Technology in Music

Should I get one of these for regular use? Are they any good?
I just practice guitar in my room, currently I have a Washburn stratocaster HSS pickups and a Peavey Rage 158 but it's not enough for some effects and things I want to try.

Other urls found in this thread:

youtube.com/watch?v=nRle0fKenzA
twitter.com/SFWRedditGifs

Do you want to just try shit or do you actually perform? If you just want to play around with things, I highly recommend those things. If you you want to actually perform you may want to invest in more quality shit.

Try shit, learn some songs and play along with some backing track, not really perform as in go live with a band or something.
Some studio monitor are a must with this kind of gadgets, right?

This is an effect pedal and it implies owning an amplifier if you're planning on using it. It's not an audio interface. If you don't have an amplifier, then you would need an audio interface and studio monitors.

Oh I see, well I have a peavey rage 158, it's just a 15w practice amp. I'm planing to upgrade it too but later on

You can never go wrong with a used Fender amplifier. Given Line 6's reputation with amplifiers, I would recommend trading your effect pedal too.

You mean those fender Twin amps?

Fender Twin, Fender Champ.

I'll look into them, any particular Line 6 Pod you recommend?
Man, I thought Sup Forums was much more into music tech, but it seems they only like MLP and anime OST

get a pod hd 500. it's a floor based multi-effect pedal that also does amp sims. it's a bit dated, but still sounds pretty good and i believe it has usb out, so it doubles as an interface. it's good enough to gig with, too if you decide that route

Thanks, mate, you've been great

Yamaha thr series is top tier.

this, but they can be pricey

I'm not , but at least someone helped you with Line 6 products.

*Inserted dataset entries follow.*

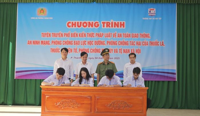 Học sinh trường THPT Hà Huy Tập, phường Thành Vinh (Nghệ An) ký cam kết nghiêm túc thực hiện Luật Trật tự an toàn giao thông đường bộ.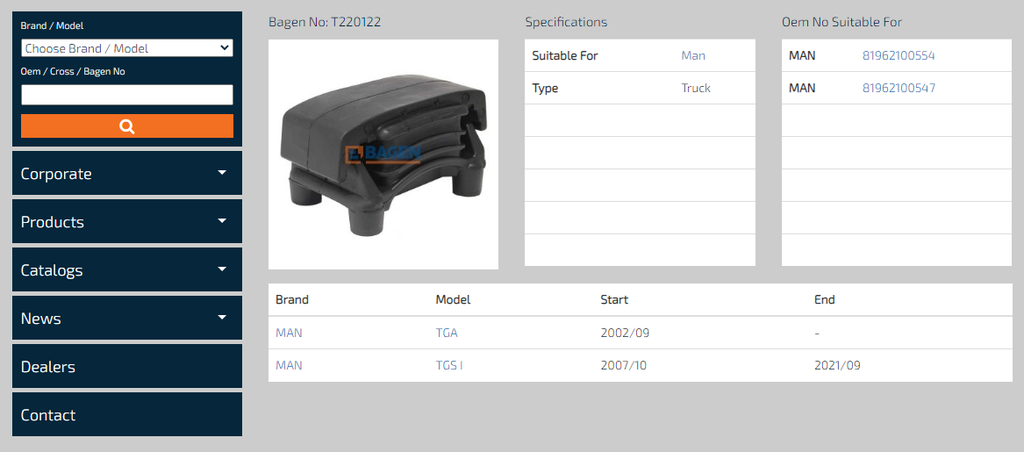 Suitable For : Man Medicine : Heavy Vehicle Inner Diameter (mm.) : 147 Outer Diameter (mm.) : 264 Height (mm.) : 124 Part Number : T220122 - 81962100554 - 81962100547 - 020.186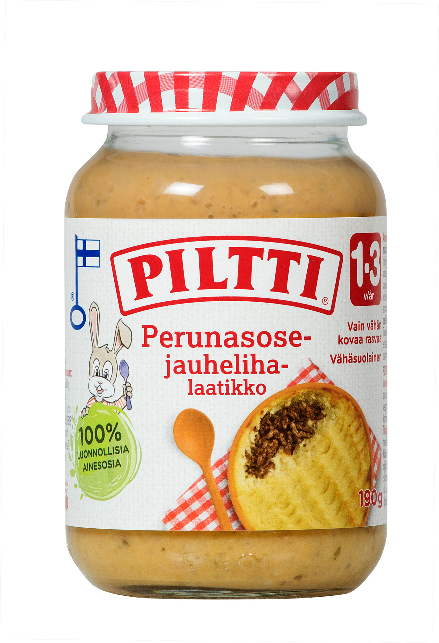 Piltti Perunasosejauhelihalaatikko on maukas ateria perunasta, bataatista, naudanlihasta ja sipulista. Lisää makua ateriaan tuo persilja. Tuotteessa on vain vähän kovaa rasvaa, ja se sopii vauvoille 12 kuukauden iästä alkaen. Tuotteen kasvispitoisuus on 54%. Valmistettu Suomessa 100% luonnollisista raaka-aineista.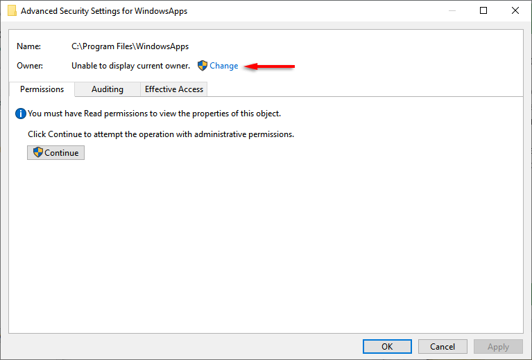 - Where it says “Unable to display current owner,” click Change.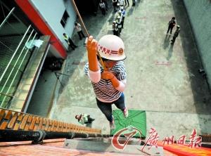 女街坊体验高楼缓降。她站上训练塔的3楼,依靠缓降器、紧握绳索,从半空中降落到地面。 记者邱伟荣 摄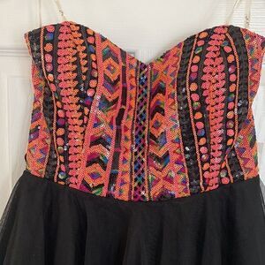 NWT! Teeze Me Strapless black Formal Dress With Tulle And multicolored Sequins Women’s Size 5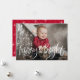 Show off your favourite family photo this season with this fun and festive holiday card featuring “Merry & Bright” in a white hand-lettered script overlay with a soft gradient effect that helps the text stand out. The design reverses to a Christmas red background with a white star pattern, creating a cheerful and modern holiday look.

This thread has been better than anything Sup Forums has amounted to since its slow, excruciating death months earlier.

umm kinda but don't regret getting one.

Yeah, most people here just brag about their equipment but just a few can really be useful and help.
I'll look into it, too.

In the end, it's just for practice and not having to buy 15 different pedals just to see If I like it or not

I used the Pod X3 for the longest time, both for practice and amateur home recording, and I absolutely loved it. I recommend against using one in a live setting or if you're serious about home recording, but it's a great tool for experimenting and testing things. Don't know if you can even buy one anymore though.

Maybe a used one, or some shop may have one brand new. The only ones on Line 6 website are the Pocket Pod and then the Pod HD500X and the Helix thing, but those two I think they are too overkill for my needs

Do not buy that model user. It’s from the early 2000’s and sounds like garbage.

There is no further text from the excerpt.